#### WHAT YOU NEED TO DO:
Below are records; the lines starting at the one with "عَنْ ذَلِكَ فَنَهَتَاهُ." and ending at the one with "学校党委第二轮巡察联系方式一览表" must be reproduced exactly, both included. Pictures must not appear.
**** DATA TO PROCESS ****
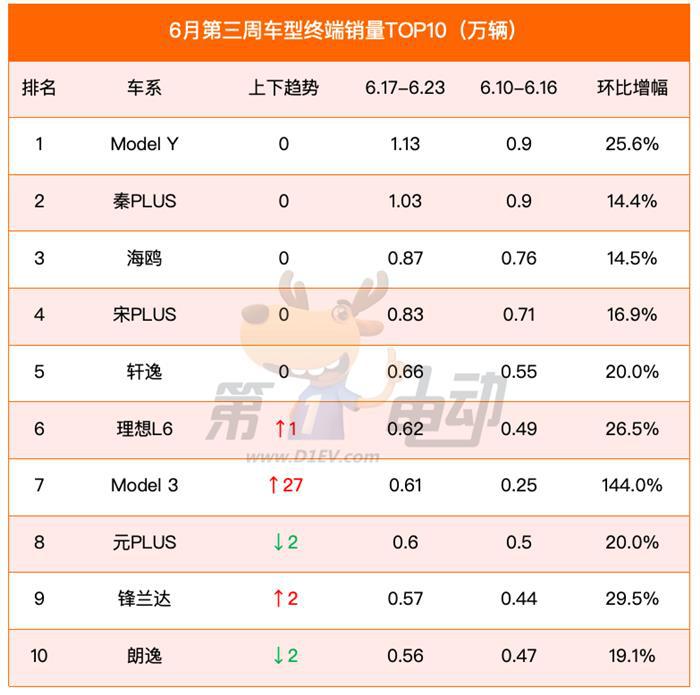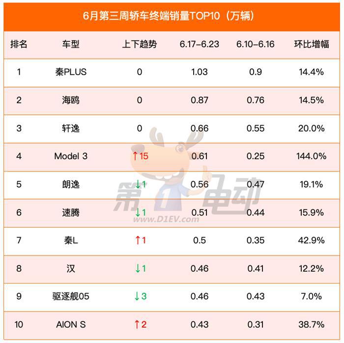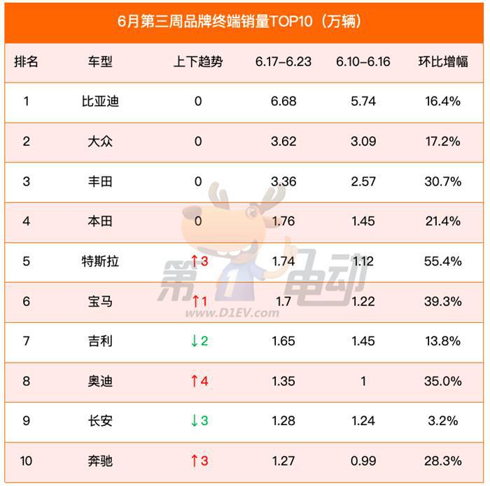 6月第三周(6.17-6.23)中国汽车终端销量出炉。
****
**** DATA TO PROCESS ****
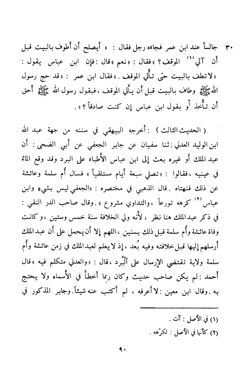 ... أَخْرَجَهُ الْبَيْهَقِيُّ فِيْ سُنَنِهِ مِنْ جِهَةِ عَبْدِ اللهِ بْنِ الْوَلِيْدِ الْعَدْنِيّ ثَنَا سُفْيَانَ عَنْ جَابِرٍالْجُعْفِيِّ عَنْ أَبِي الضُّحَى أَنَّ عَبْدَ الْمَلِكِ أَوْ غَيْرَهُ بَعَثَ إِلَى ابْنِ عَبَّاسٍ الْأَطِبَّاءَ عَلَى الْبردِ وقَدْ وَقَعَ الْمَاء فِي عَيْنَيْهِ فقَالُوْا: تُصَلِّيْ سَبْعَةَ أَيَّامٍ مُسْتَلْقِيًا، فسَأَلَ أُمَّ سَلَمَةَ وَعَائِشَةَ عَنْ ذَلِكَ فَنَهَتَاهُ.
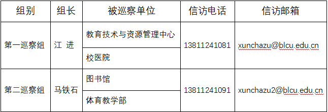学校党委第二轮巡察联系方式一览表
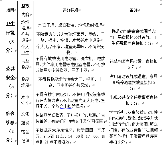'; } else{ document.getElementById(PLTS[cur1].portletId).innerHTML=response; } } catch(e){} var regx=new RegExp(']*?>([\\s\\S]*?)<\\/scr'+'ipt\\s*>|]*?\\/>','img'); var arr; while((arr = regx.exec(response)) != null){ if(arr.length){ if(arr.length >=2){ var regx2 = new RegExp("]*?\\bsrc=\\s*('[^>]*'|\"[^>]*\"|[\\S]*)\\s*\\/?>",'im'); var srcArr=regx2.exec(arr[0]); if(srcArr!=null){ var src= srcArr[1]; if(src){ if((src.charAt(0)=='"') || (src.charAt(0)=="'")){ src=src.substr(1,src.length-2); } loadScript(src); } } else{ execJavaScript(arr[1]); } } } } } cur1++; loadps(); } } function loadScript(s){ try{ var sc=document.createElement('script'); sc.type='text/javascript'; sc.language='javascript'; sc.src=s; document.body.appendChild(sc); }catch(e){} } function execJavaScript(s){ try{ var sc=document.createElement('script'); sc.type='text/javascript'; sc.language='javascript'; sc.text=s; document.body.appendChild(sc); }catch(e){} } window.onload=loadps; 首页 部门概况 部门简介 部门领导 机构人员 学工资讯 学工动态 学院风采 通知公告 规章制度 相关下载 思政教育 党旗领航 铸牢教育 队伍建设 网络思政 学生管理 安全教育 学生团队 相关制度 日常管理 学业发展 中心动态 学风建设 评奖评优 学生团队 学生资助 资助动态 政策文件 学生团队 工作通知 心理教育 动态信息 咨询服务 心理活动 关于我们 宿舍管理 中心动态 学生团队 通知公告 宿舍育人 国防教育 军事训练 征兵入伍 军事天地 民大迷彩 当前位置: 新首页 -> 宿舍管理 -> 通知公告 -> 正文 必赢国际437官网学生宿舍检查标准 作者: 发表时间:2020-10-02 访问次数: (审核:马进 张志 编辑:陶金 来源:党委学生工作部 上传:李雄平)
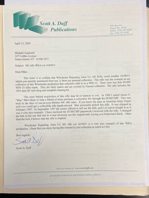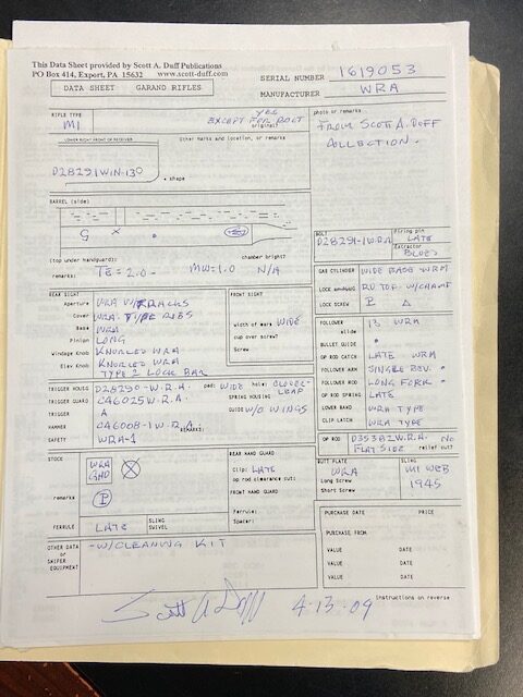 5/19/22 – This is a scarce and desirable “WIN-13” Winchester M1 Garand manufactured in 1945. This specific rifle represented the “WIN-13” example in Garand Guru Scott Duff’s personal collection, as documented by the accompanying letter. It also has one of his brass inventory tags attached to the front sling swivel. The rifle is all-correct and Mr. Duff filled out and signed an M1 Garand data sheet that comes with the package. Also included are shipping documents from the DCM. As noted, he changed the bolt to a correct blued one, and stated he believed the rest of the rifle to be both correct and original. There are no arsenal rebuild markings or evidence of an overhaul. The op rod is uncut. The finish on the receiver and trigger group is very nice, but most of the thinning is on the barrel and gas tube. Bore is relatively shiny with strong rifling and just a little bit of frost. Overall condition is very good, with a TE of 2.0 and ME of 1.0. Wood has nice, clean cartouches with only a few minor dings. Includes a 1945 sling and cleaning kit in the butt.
****
**** DATA TO PROCESS ****
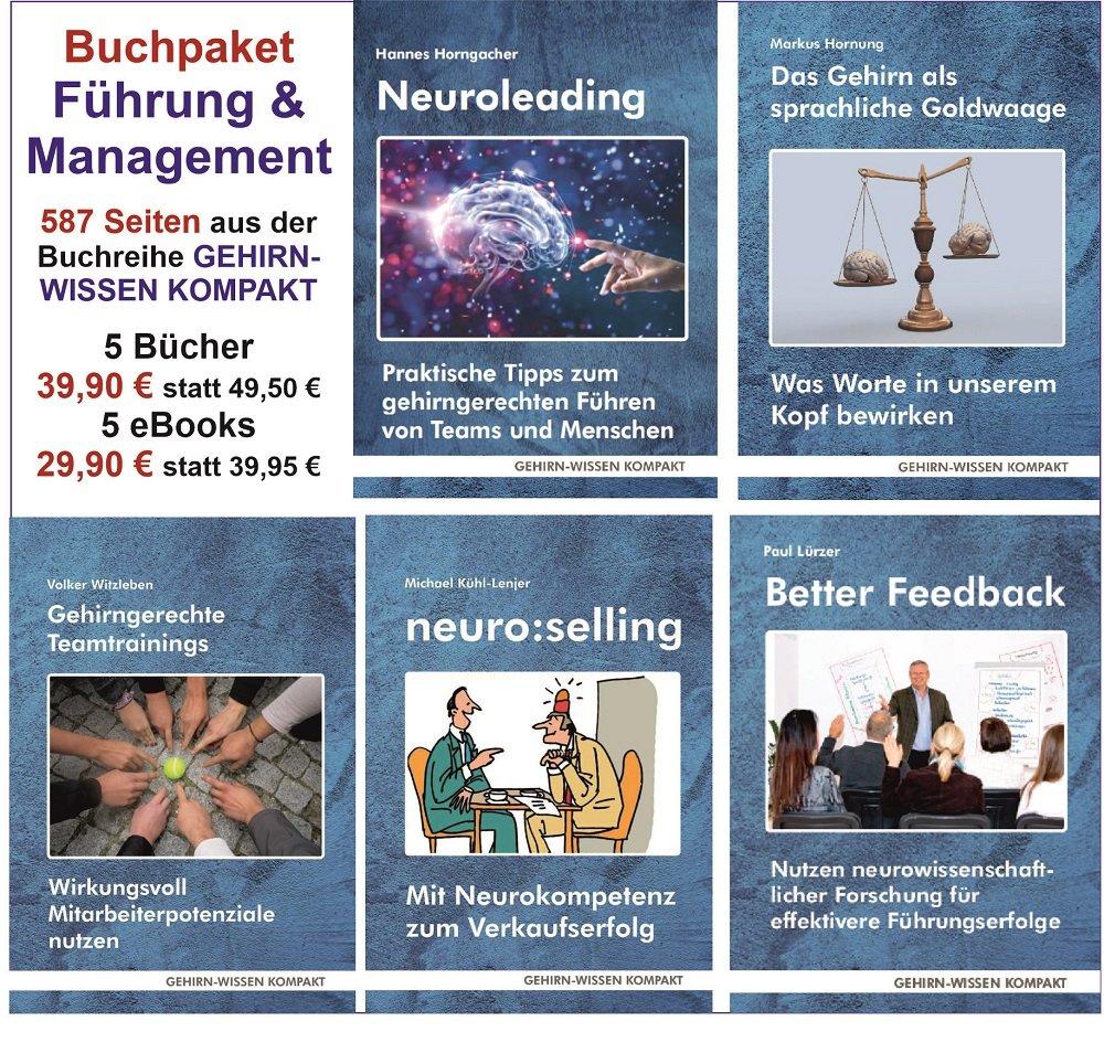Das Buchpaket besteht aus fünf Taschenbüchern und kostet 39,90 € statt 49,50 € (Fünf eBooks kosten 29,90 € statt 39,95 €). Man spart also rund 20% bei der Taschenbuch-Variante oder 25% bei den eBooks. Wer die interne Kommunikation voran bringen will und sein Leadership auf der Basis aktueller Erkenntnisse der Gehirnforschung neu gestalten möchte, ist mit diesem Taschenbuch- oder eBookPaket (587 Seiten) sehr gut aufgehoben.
****
#### RESULT:
 ... أَخْرَجَهُ الْبَيْهَقِيُّ فِيْ سُنَنِهِ مِنْ جِهَةِ عَبْدِ اللهِ بْنِ الْوَلِيْدِ الْعَدْنِيّ ثَنَا سُفْيَانَ عَنْ جَابِرٍالْجُعْفِيِّ عَنْ أَبِي الضُّحَى أَنَّ عَبْدَ الْمَلِكِ أَوْ غَيْرَهُ بَعَثَ إِلَى ابْنِ عَبَّاسٍ الْأَطِبَّاءَ عَلَى الْبردِ وقَدْ وَقَعَ الْمَاء فِي عَيْنَيْهِ فقَالُوْا: تُصَلِّيْ سَبْعَةَ أَيَّامٍ مُسْتَلْقِيًا، فسَأَلَ أُمَّ سَلَمَةَ وَعَائِشَةَ عَنْ ذَلِكَ فَنَهَتَاهُ.
学校党委第二轮巡察联系方式一览表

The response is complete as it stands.